Shopping in style – D. H. Evans in 1937

By the Survey of London, on 26 March 2016

The name of D. H. Evans disappeared from Oxford Street in 2001, though it lingers in the memory of many. Since then it has been a branch of the House of Fraser, the company which has owned the store since 1954. Just over eighty years ago the present store was completed, officially opened in February 1937. It was designed by Louis Blanc in 1934 and constructed in two phases so that trading could carry on with as little interruption as possible. When it was completed, it made a dramatic impact, occupying an entire block, and rising higher than any of the other shops then standing on Oxford Street.

D-H-Evans-aerial-copy

Cover of the Coronation Brochure produced by D. H. Evans in 1937, with their new store circled, and showing how much higher it was than its neighbours along Oxford Street.

With the coronation of George VI and Queen Elizabeth taking place on 12 May that year, the management of D. H. Evans produced a commemorative brochure for the occasion, which principally served as a promotion for their new store. Traditionally Oxford Street was included in royal processions, and the coronation that year was no exception. The street was part of a six-mile route taken by the new king and queen after their coronation from Westminster Abbey to Buckingham Palace. Some press reports estimated that six million people descended on London for the occasion. All the shops were decorated with special window displays, and the street enlivened with flags and flowers. Royal monograms and coloured streamers abounded.

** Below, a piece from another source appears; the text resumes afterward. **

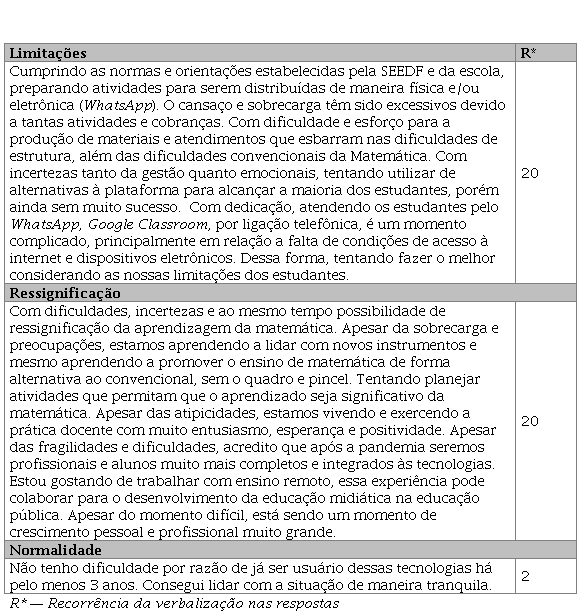 Para investigar o que representou/significou o ensino remoto para os professores que ensinam Matemática no Distrito Federal, este estudo partiu de duas perguntas feitas aos professores e professoras: Como você está lidando com o momento pedagógico atual no ensino remoto? O que representa/significa o ensino remoto para você?

Side elevation of D. H. Evans

Perspective view of D. H. Evans from the Coronation Brochure. 

Recent relaxation of the height restrictions imposed on trade buildings by the London Building Acts enabled the new store to rise to 100 feet, twenty foot more than the old limit and productive of an additional two storeys. The building was steel-framed, with solid concrete floors and faced in Portland stone above the pale-grey granite facing of the ground storey. The great height of the building gave it presence on the street and produced one of its most exciting spaces inside in the form of the escalator hall. This contained not just the sequence of escalators but also staircases and ‘high-speed’ lifts (the upper trading floor could be reached in one and a half minutes).

Escalator Hall, D. H. Evans, from the 1937 Coronation Brochure

Escalator Hall, D. H. Evans, from the 1937 Coronation Brochure

In its finish and colour the escalator hall was also intended to be a glamorous focal point, a place to be seen, as well as from which to view all the store had to offer. The walls and pillars were of delicate beige-pink Travertine marble, the floors of polished cork, producing a ‘soft, brown glow’, the fibrous plaster ceiling was in a ‘modernistic design’, the sheen of metalwork on stairs, escalators and lifts was achieved in ‘silver and copper bronze surfaces, satin finished’.

Ground Floor

Ground Floor, D. H. Evans, with the impossibly angular largely female shoppers parading along the wide aisles between display stands.

There were six trading floors. On the ground floor were fashion accessories and fabrics arranged either side of a sweeping central aisle. Branching from each side ‘miniature, self-contained shops’ sold specific accessories or goods: stockings, gloves, handbags, lace, jewellery, perfume, fur trimmings, scarves, haberdashery, needlework, flowers, wools, or household stationery, each defined beneath its own canopy, with diffused light illuminating the merchandise displayed beneath. Fabrics had a larger area, occupying the rear half of the floor with separate sections for different types of material: plain silks, printed silks, tweeds, woollens, cottons, and lingerie fabric (staffed entirely by women). Here were also dress-making patterns, staffed by ‘expert saleswomen’ capable of giving sound and practical advice.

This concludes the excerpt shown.